Goddard explained it as an ‘attempt to take something back’, the use of silver symbolic of the value of the objects held within, and denied.

The role of the archive is further interrogated by the artist collective et al. through their mixed media installation No Good Common (2018), which dominated the main gallery.

A kind of flotilla of documentation, with no end in sight, it untethers archive material from its source and context, repurposing its meaning scattered across floors and walls as an aesthetic consideration.  It feels compartmentalised, authoritative in its assigning of space and material, and yet there is not logic offered to decode what we see.

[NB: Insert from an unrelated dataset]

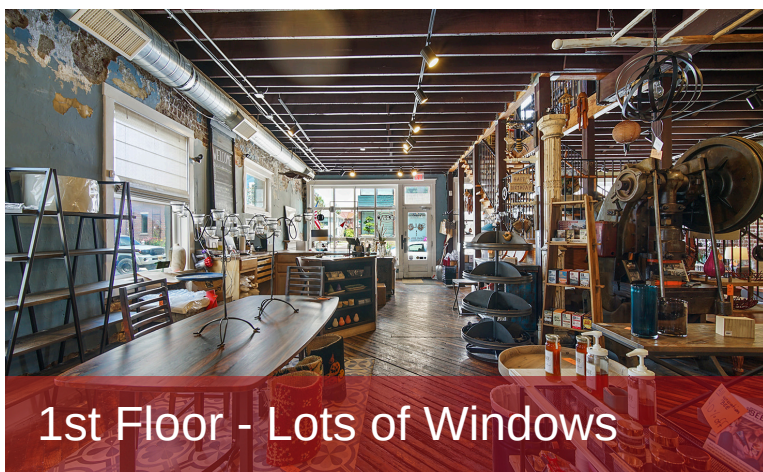
1st Floor - Lots of Windows

Goddard describes: ‘(it) recognises the potential of absurdity and paradoxical nonsense in the processes of cultural documentation and classification.’

It circles us back conceptually to the two video works in the exhibition, which effectively are presented as bookends across the space.

Rosângela Rennó single channel video, Vera Cruz (2000) addresses the moment of “first contact”, anchored by a letter to the King of Portugal which reports the first encounter with the  landmass of Brazil and the Indigenous Tupi.

The images are scratchy; they feel washed out – metaphorically capturing a worn-out tale repeatedly told but increasing abraded and raw.

Detail / video still Vernon Ah Kee The Island (2018); commission by Griffith University Art Museum

Continuing the tiered narrative of contact is Ah Kee’s aforementioned video that pits very personal asylum testimony with footage of Palm Island, the country of his matrilineal heritage and a like-site plagued with a checkered colonial history.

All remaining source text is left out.